• **Source data**
════

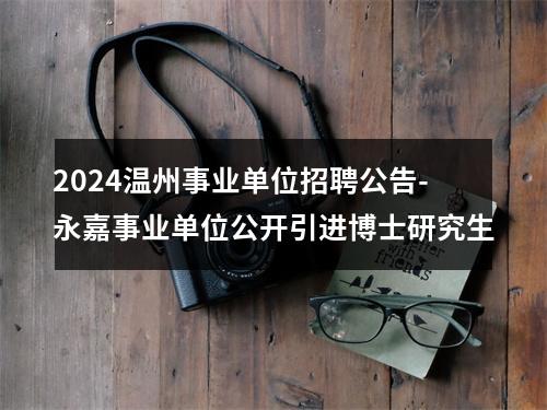 - 温州事业单位招聘信息:【2024温州事业单位招聘公告-永嘉事业单位公开引进博士研究生】具体内容见下文。
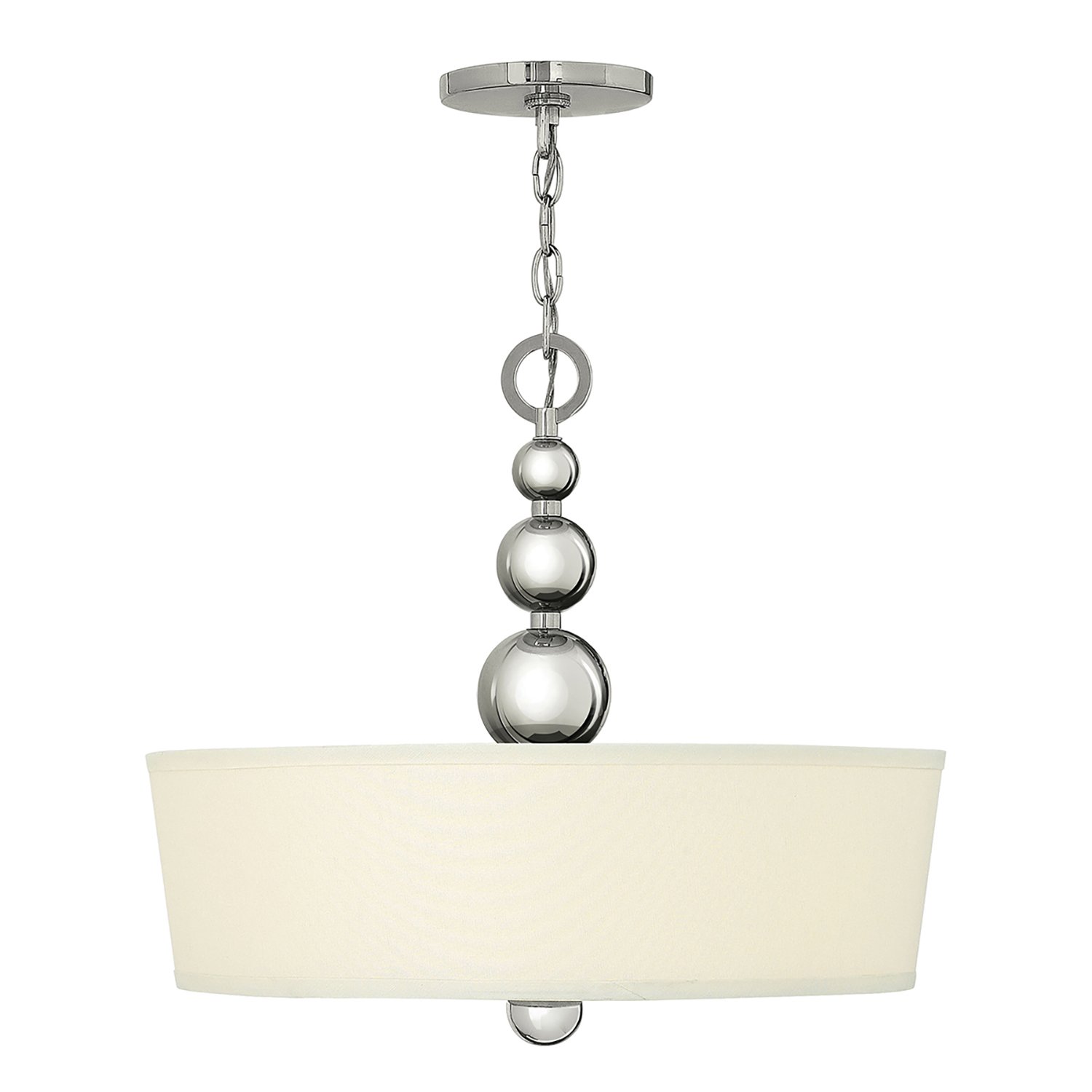 Lampada a sospensione a 3 luci - Nichel Lucido. La sorprendente silhouette in stile metà secolo di Zelda è caratterizzata da sfere metalliche rifinite in nichel lucido, che aumentano di dimensioni man mano che scendono dall'anello superiore, creando un'elegante colonna centrale senza soluzione di continuità. Gli eleganti bracci rettangolari ad arco sostengono i paralumi affusolati in vetro acidato, appoggiati su una coppe a emisfero, che ne aumentano il fascino vintage.
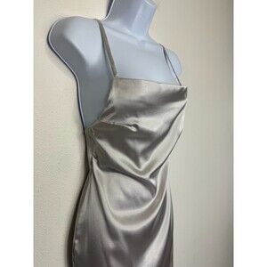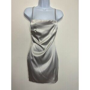 ASOS Design Satin Mini Dress Size 4 Silver Criss Cross Back Square Neck Strappy
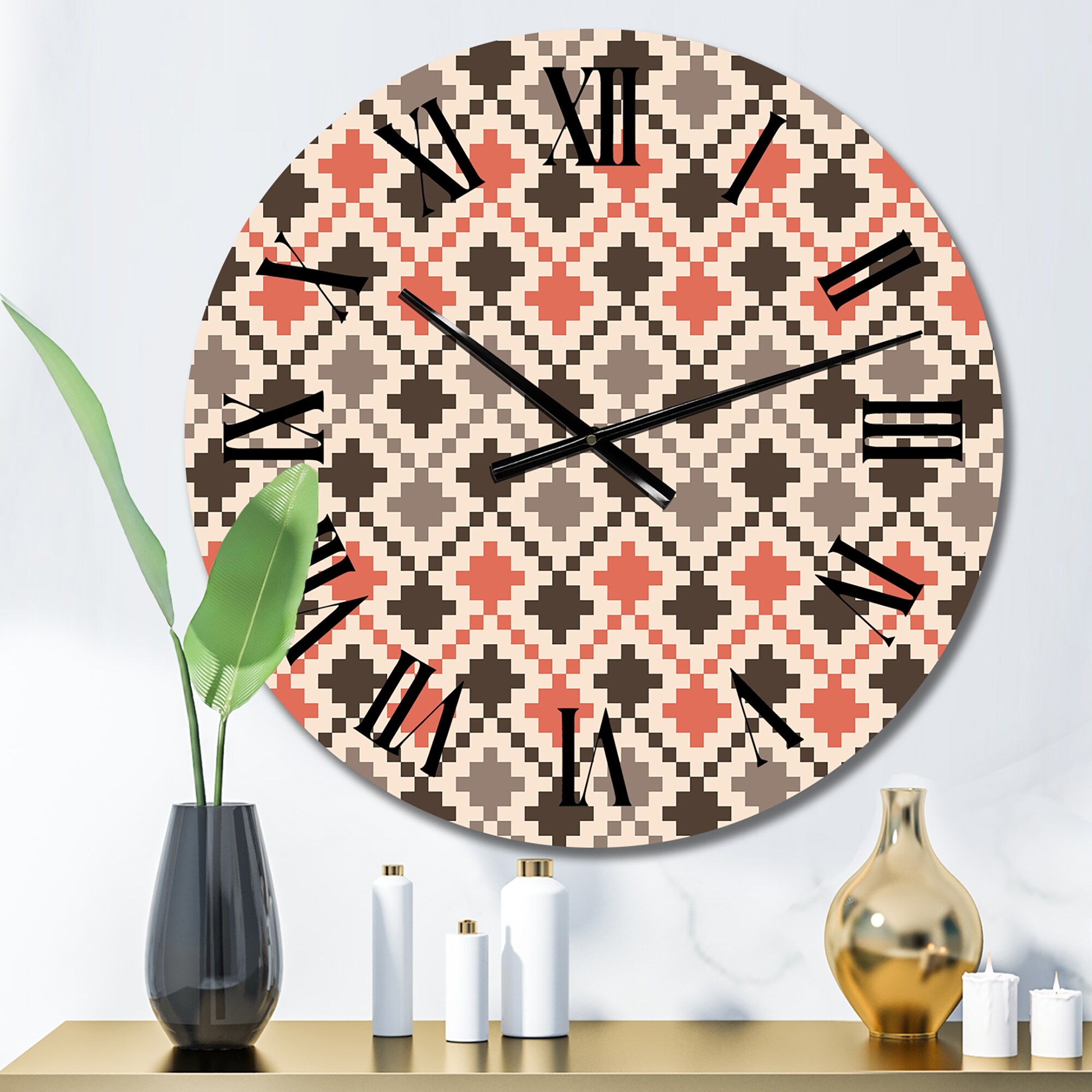 Designart 'Red And Brown Ethnic Geometrics' Patterned wall clock
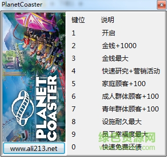 过山车之星修改器是针对同名pc游戏玩家提供的一款免费辅助工具,通过该软件可以修改游戏的某一程序及某一程序文件,轻松达到无限金钱、无限幸福度、无限家庭顾客等九项功能,需要的朋友欢迎来绿色资源网下载!
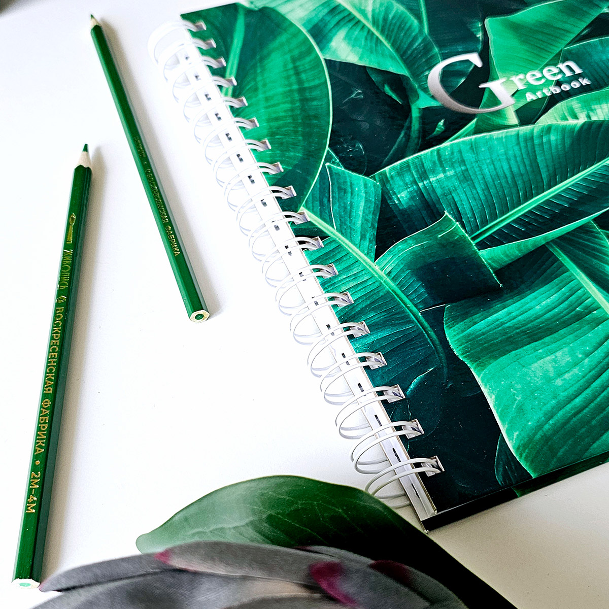 Начало искусства лежит в самой природе! Артбук от SVETOCH «Гринлайн» играет глянцевыми бликами в больших листьях банановой пальмы.

════

• **What is being asked**
The copy should begin at the line containing "Designart 'Red And" and end at the last line of the data above; please restate those lines word for word without the pictures.

• **Solution**
 Designart 'Red And Brown Ethnic Geometrics' Patterned wall clock
 过山车之星修改器是针对同名pc游戏玩家提供的一款免费辅助工具,通过该软件可以修改游戏的某一程序及某一程序文件,轻松达到无限金钱、无限幸福度、无限家庭顾客等九项功能,需要的朋友欢迎来绿色资源网下载!
 Начало искусства лежит в самой природе! Артбук от SVETOCH «Гринлайн» играет глянцевыми бликами в больших листьях банановой пальмы.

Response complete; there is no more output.